And we made this optional because sometimes it’s medically contraindicated to give the hydration. We prompted the end user to order the femoral block and we prompted if the patient had a cardiology problem on their diagnosis list, we prompted them to consult cardiology. Problem solved. All these delays were largely solved. And this was the Jive that occurred here was that there was a gap in understanding of what the system could do and how we operated, we bridged that gap and we were able to explain and solve that problem. So another gap that often occurs is semantics. And I think this is near and dear to Charlie’s heart, so, so for those of you don’t know, in our EMRs we often have problems with these enormous problems, so enormous that they’re completely unintelligible and completely useless. I think the largest one that I ever saw was 80 problems and you can’t make heads or tails in it.

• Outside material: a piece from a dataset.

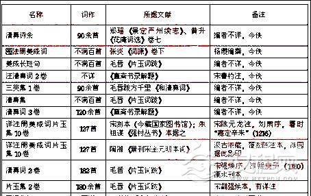 周邦彦词集的编辑和刻印,大致是在北宋末年至南宋初期。《宋史·艺文志》著录《清真集》11卷,《攻媿集》及《郡斋读书志》著录《清真先生文集》24卷,《直斋书录解题》著录《清真杂著》3卷,这三种周邦彦的著作今皆散佚不传。据宋人记载,以上三种周集中皆附有长短句的歌词作品在内,大概是后来编刻和流行的《清真词》的源头和祖本所在。今可考周词最早的别行单刻的专集之本,当为南宋绍兴年间出现的《清真诗余》。《景定严州续志》载州校书板“有《清真集》,复有《诗余》是也”。南宋黄升《花庵词选》即据此本选录周词。《清真诗余》今佚,收词若干首已不可详考,今人钱鸿瑛等据南宋黄升《花庵词选》所选清真词及方千里、杨泽民等所和清真词,推测约为90余首 ④ 。这大概是南宋以来所流行的各种“不满百阕”的周邦彦词集的另一祖本。此后,整个南宋时代各种版本的周邦彦词集大量编刻和流行,数量之多、流行之广、影响之大,在两宋词人中极为少见。据今人考证,整个南宋约有十数种周邦彦词集在流传。现列表如下:
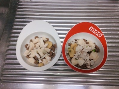 早速、我が家の愛犬達にいつものカリカリフードに

So in EPIC there’s a way to actually organize these and clump them together so you can just at a glance understand the patient has a cardiovascular problem, a neurologic problem, gastrointestinal problem, and a urologic problem. So this requires a grouping, a value set to be implemented so that these diagnoses could be brewed properly. What we didn’t understand initially was that as we implemented this, some of these things, even though technically speaking the definitions are correct semantically, they did not match up with what people thought of them as so clinically. And one of the examples was hemorrhoids. So we started getting complaints, Hey, why are hemorrhoids showing up as a cardiovascular?

But if you think about it, and it was based on the SNOMED ontology, hemorrhoids are a perianal vascular congestion or venous congestion. It’s a venous problem that feeds up into being a vascular problem that feeds up into being a cardiovascular problem. So what did we do? We took that and we actually injected the actual true semantics into this infrastructure. And then we were used some Boolean logic then to then manifest hemorrhoids as the thing that everybody understands it. It’s a gastrointestinal problem. You don’t go to a cardiologist to solve your hemorrhoids, you go to a gastroenterologist. So again, so a gap in knowledge, the technical specifications don’t necessarily match up with the real world understanding what a term actually is.

So this is a big thing and definitions. So for those of you who don’t know, there’s this big national push to try to improve sepsis outcomes. And part of that, the metrics associated with that are attached to when did we recognize that the patient was septic? And there are some fairly well-defined definitions of that. And that depends on cs, which is a constellation of vital signs. That’s actually pretty easy because most of that is pretty discrete. But then you have two others, recognition of infection and recognition of end organ damage. Those are really, really fuzzy. So how do you actually define that? And what ends up happening is that there’s a ton of human interpretation, manual abstraction. And so you get a lot of variable results and as a result you get a lot of difficulty in actually implementing these solutions at scale and actually measuring what works and what doesn’t work.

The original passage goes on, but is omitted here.